Upgrading means slow student progress: Arctic College dean
“The biggest issue is the academic readiness”
During her Feb. 23 keynote address to the Sivuniksamut Ilinniarniq teachers conference, Fiona Buchan-Corey, dean at Cambridge Bay’s Nunavut Arctic College campus, said students’ weak academics mean many must upgrade before continuing on with their education. (PHOTO BY JANE GEORGE)
CAMBRIDGE BAY — Many students graduating from Kitikmeot schools can’t move ahead into post-secondary studies because they lack the necessary reading and math skills, Fiona Buchan-Corey, dean at Cambridge Bay’s Nunavut Arctic College campus, said Feb. 23 in her keynote address to the Sivuniksamut Ilinniarniq teachers conference.
“The biggest issue [facing the NAC] is the academic readiness” of students who want to further their education, Buchan-Corey told teachers from Kitikmeot schools meeting in Cambridge Bay this week.
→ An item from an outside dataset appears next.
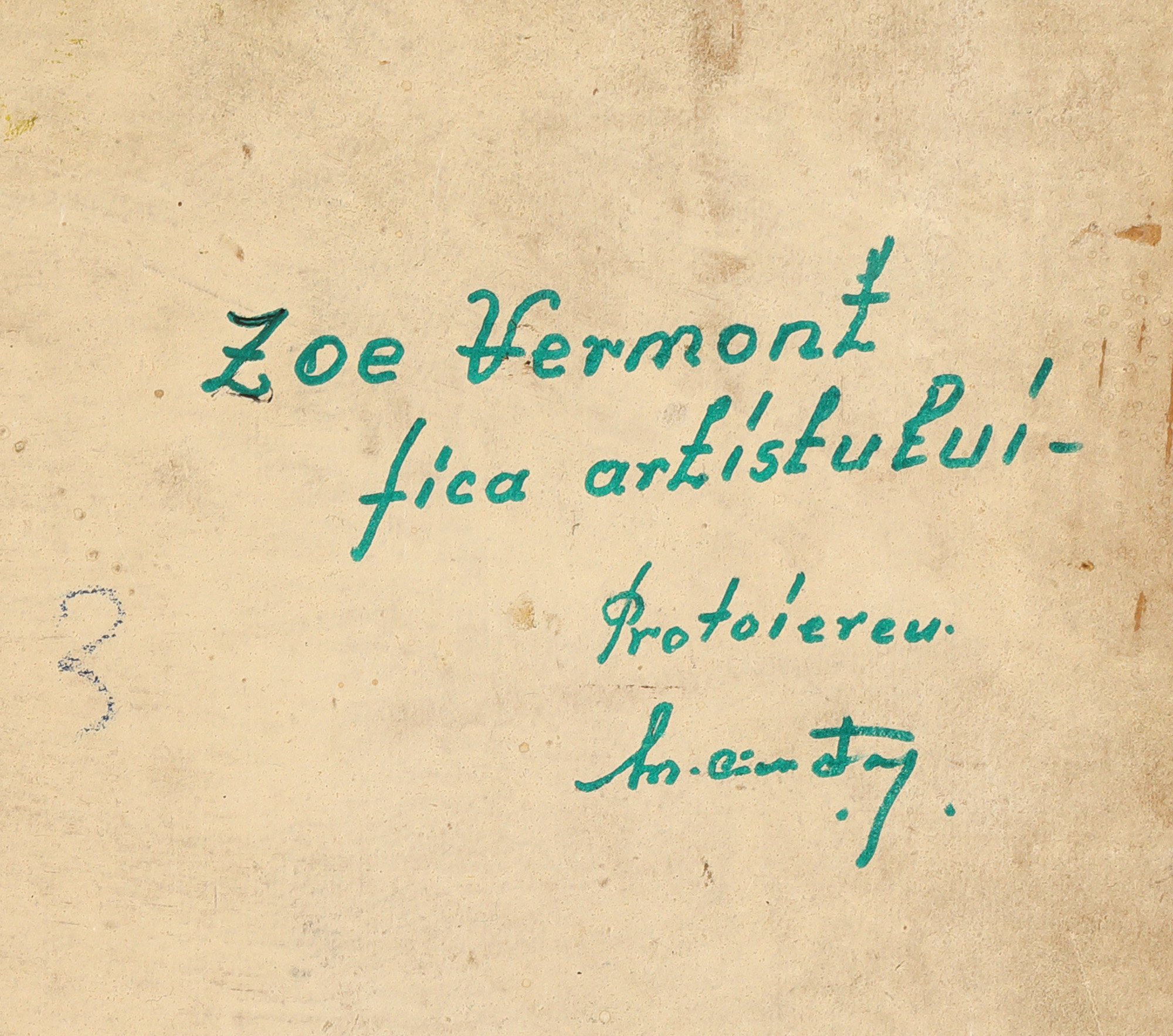 Orientându-se către propria familie pentru găsirea surselor de inspirație, Nicolae Vermont le va conferi fiicei și soției sale rolul de muze în creația sa. Micuța Zoe Vermont se naște în anul 1911 și devine subiect central al pânzelor tatălui său. Schițată frugal, în creion; ori studiată îndeaproape în ulei, Zoe Vermont ni se va înfățișa frecvent în ipostaze de maximă concentrare, de melancolie ori reverie. Dragostea și grija paternă se vor manifesta, așadar, în permutarea peniței și a pensulelor lui Nicolae Vermont către ridicarea chipului fiicei la rang de laitmotiv. Zoe Vermont va moșteni ambiția plastică a tatălui și va deveni, la rândul său, artistă. Se va manifesta îndeosebi în grafică și desen și se va îndeletnici cu redarea peisajelor și a portretelor. Va fi prezentă pe simezele manifestărilor artistice ale Salonului Oficial de la mijlocul secolului trecut, ajungând astfel în fața publicului și în postura de creatoare, nu doar din cea de model. Le vom regăsi adesea pe cele două muze ale artistului redate împreună – mamă și fiică - stând alături pe verandă, cufundate în lectură ori surprinse în timpul activităților domestice. De această dată, însă, Zoe Vermont devine personajul central al unui portret în care predomină nuanțele pământii. O avem în față acum pe fiica ajunsă la maturitate, cu trăsături bine conturate, cu o atitudine încrezătoare și o privire ageră. Modelul se integrează subtil în fundal, demonstrând veleitățile artistice ale părintelui său și totodată capacitatea acestuia de a înregistra în doar câteva tușe întreaga psihologie a personajului său.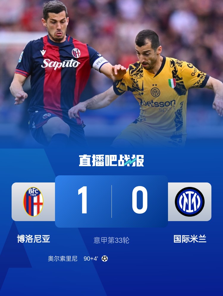 讀秒遭絕殺!國米0-1博洛尼亞凈勝球優(yōu)勢領跑 3天后意杯戰(zhàn)米蘭

As it stands now, the Cambridge Bay campus devotes more than $965,000 of its budget towards offering upgrading courses, she said.
But the NAC wants to promote its certificate and diploma programs, such as a licensed practical nurse program, which is in the works.
“For us to be successful,” the region’s schools must be more successful, she said.
The NAC’s plan to offer a maternity care worker program, designed as a training platform for Inuit midwives, stalled for two years due to a lack of qualified applicants, who are supposed to be at a Grade 12 skill level, she said.
Finally, the college offered a college foundation program this year for interested applicants — of these, three will be academically ready to enter the maternity care worker program next fall.
But Corey-Buchan said she’s worried about the fate of the college foundation program, which many need.
A review of Nunavut’s FANS student assistance program, called for by the Auditor General of Canada, may determine that this program cannot be considered a post-secondary program because its students are generally doing Grade 10 to Grade 12 level work.
And this would deprive its students from receiving full financial aid.
“This would have a huge impact on the majority of students,” she said.
After Buchan-Corey’s speech, teachers broke off into five groups to discuss ways they could integrate suggestions from the previous day’s speaker Hetty van Gurp, with Buchan-Corey’s call for higher academic skills.
Suggested actions included establishing elders and student advisory committees, mentoring clubs and adopting monthly themes for schools which focus on “lessons for living.”